Can you name the one thing that all public performances seem to share nowadays? Think back to that show you saw on Broadway, the amateur production at your local community theater, your child’s performance in a school musical, a concert at the college. Give up? Hint: what happens when the performers take their bow? YES! It is! A Standing Ovation!
The Big O (as I refer to it) has become ubiquitous. Doesn’t matter if the leading star flubbed his lines, if the child in the chorus was seen picking his nose or one of the violinists was out of tune. Doesn’t even matter much whether the performance was top-grade or not. Every audience gets to show their “appreciation” by standing up and applauding. It’s part of the “audience participation” rite of those in attendance. Once upon a time, this kind of action was reserved for the crème de la crème: the extraordinary dialogue in a Tennessee Williams play, the witty humor of Neil Simon, the grandiose aria in a Puccini opera, the exceptional acting of the leading man. Not any more. The Big O is now given to the meek, the mediocre and the many.
And why should I care? For one, it blocks my view of the performers, whom I very much like to see. It’s not unlike reading the credits at the end of a film. I get pleasure from the joyful camaraderie at the end of the show and their smiles radiating into the audience. Sometimes, they even favor us with a reprise, for which the audience remains standing and from which those of us brave enough to keep our seats are blocked from viewing!

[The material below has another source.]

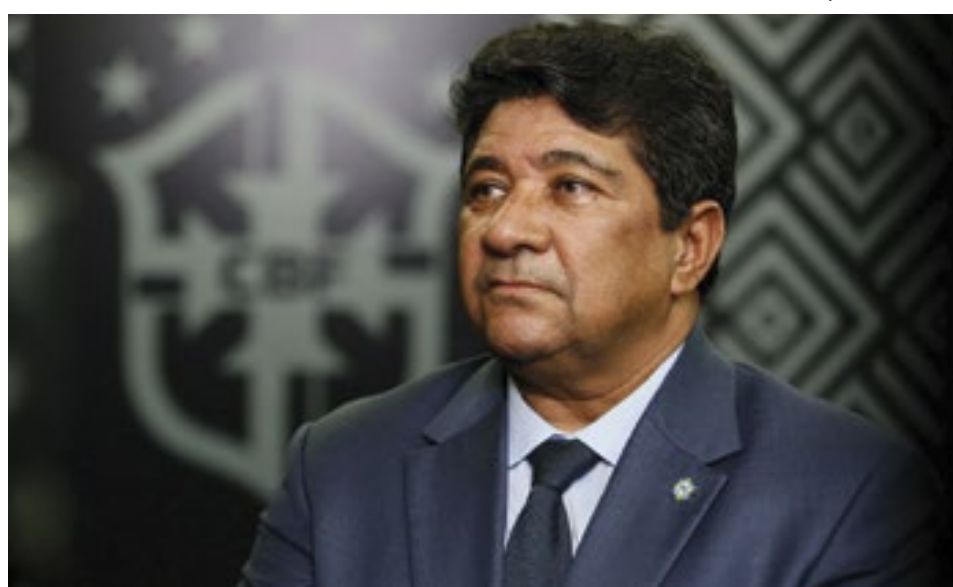
Ednaldo Rodrigues foi destituído do cargo de presidente da CBF pelo TJ-RJ

O Santos sacramentou seu rebaixamento após perder para o Fortaleza por 2 a 1, na Vila Belmiro. Como o Vasco venceu o Red Bull Bragantino por 2 a 1 e o Bahia goleou o Atlético-MG por 4 a 1, a equipe comandada por Marcelo Fernandes acabou sendo a última rebaixada no Campeonato Brasileiro de 2023.

A second reason I care is that because of the above, I am often forced to join everyone in participating in the Big O. This backs me into making a stronger statement than I intended. After all, oughtn’t there be some criteria for the Standing Ovation? Do we simply bestow it upon every public performance – the good, the bad and the ugly? Can’t we bring back a tad of honesty to the theater….in the form of a critical and discerning eye?
Until that happens, I will (try to) applaud while in my seat when appropriate, and stand when the production warrants it. And if the rest of the audience insists on giving the Big O to everything that happens on stage, I guess I’ll just have to get used to it.
Marilyn Ferdinand (editor of blog “Ferdy on Films”): If you give performers a standing ovation just for getting through a performance, you’re just encouraging them not to be the best that they can be. They won’t feel truly complimented, and they won’t respect your opinion because you obviously have no powers of discernment—unless, of course, they wish to believe that everything they do is extraordinary.